Antibiotic Use Following Joint Procedures Lead to Increased C Difficile Risk


Trauma patients and patients treated with combination ABX therapy were at an increased risk of C difficile infections.

Estera Jachowicz

Estera Jachowicz

There are a number of post-operation factors that lead to an increased risk of clostridium difficile infections (CDI) following hip or knee procedures.

A team, led by Estera Jachowicz, Department of Microbiology, Faculty of Medicine, Medical College, Jagiellonian University, analyzed post-discharge CDI incidence in patients undergoing hip or knee arthroplasty to specify the optimal conditions for the surgical procedures and outpatient postoperative care.

The Study

In the one-year observational study at public Polish hospitals, the investigators retrospectively reviewed records for 83,525 surgery patients who underwent hip or knee arthroplasty in 2017. The records were derived from the Polish National Health Fund databases on the 192 C difficile infections observed in the 30-day post-discharge period.

The investigators also analyzed the demographic and clinical characteristics of the patient population, the number of drug groups prescribed, whether it was a primary or revision surgery according to the correct ICD-9 code, length of hospital stay, whether there was a stay in the intensive care unit (ICU), cause of surgery, postoperative infections, primary/revision surgery, and the long-term care after surgery.

Of the 192 cases of CDI, 160 were from patients who underwent hip arthroplasty (0.3 per 1000 patients) and 32 were from patients who underwent knee arthroplasty (0.1 per 1000 patients).

Case Rate Factors

The overall incidence rate of C difficile infections was 34.4 per 10,000 patients and 7.7 cases per 100,000 post-surgery patient-days.

However, the amount of antibiotics prescribed had a direct impact on the risk of C difficile infections.

Patients prescribed at least 1 antibiotic was diagnosed more often with CDI than patients with no antibiotic treatment (55.0 per 1000 patients vs. 1.8 per 1000 patients).

Another factor was combination ABX therapy in the postoperative period.
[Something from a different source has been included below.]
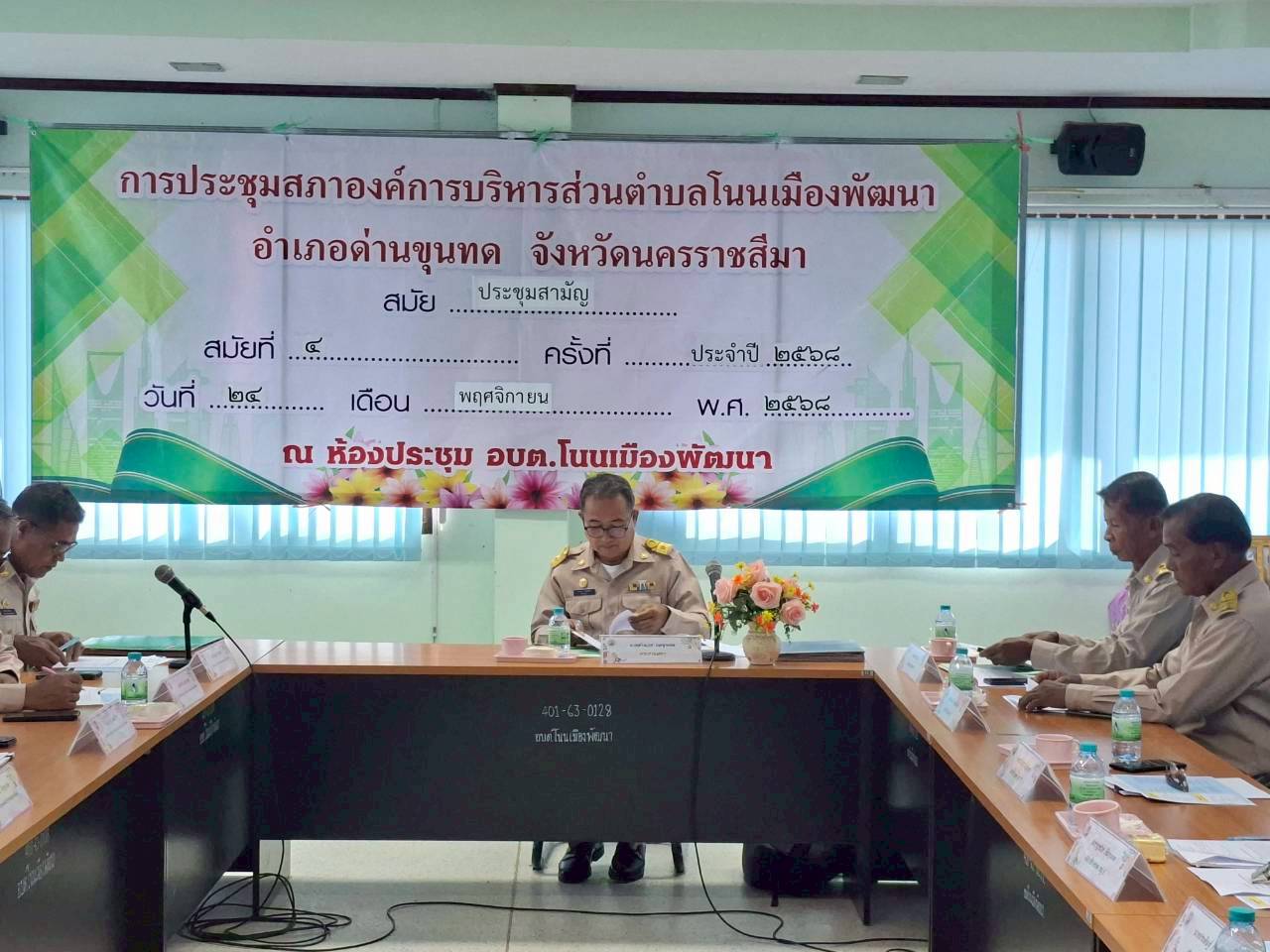 ประชุมสภาองค์การบริหารส่วนตำบลโนนเมืองพัฒนา สมัยประชุมสามัญ สมัยที่ 4 ประจำปี พ.ศ.2568  วันที่ 24 พฤศจิกายน 2568 เวลา 09.00 น. ณ ห่้องประชุมชั้น 2 องค์การบริหารส่วนตำบลโนนเมืองพัฒนา อำเภอด่านขุนทด จังหวัดนครราชสีมา

Patients treated with combination ABX therapy were diagnosed with significantly more C difficile infections (2.8 per 1000 patients) than patients who were not (1.8 per 1000 patients).

This was similar for trauma patients, where 7.9 per 1000 patients experienced CDIs, compared to patients operated on because of degeneration (1.2 per 1000 patients) or complication (3.2 per 1000 patients).

Patients admitted in an emergency, post-discharge CDI were diagnosed significantly more often with CDI (4.6 per 1000 patients) compared to patients admitted for scheduled procedures (1.7 per 1000 patients).

After conducting a multifactorial analysis, the investigators identified several factors as significant, including being at least 65 years of age, trauma as the cause of surgery, length of stay over 7 days, hospital-acquired infections other than CDI, and taking beta-lactams and/or quinolones, but not macrolides in the post-discharge period.


“Postoperative antibiotic prescription in patients undergoing joint replacement surgery is the main risk factor for CDI,” the authors wrote. “These observations indicate the necessity of improvement of infection control programs as the key factor for CDI prevention.”

Identifying rates and key factors related to C difficile infections can be especially important as the incidence of CDI is an indicator that allows decision-makers to derive conclusions on the correctness of antibiotic administration.

Currently in Poland, there is no network of infection surveillance, leading to deficiencies in infection control.

The study, “Post-Discharge Clostridioides difficile Infection after Arthroplasties in Poland, Infection Prevention and Control as the Key Element of Prevention of C. difficile Infections,” was published online in the International Journal of Environmental Research and Public Health.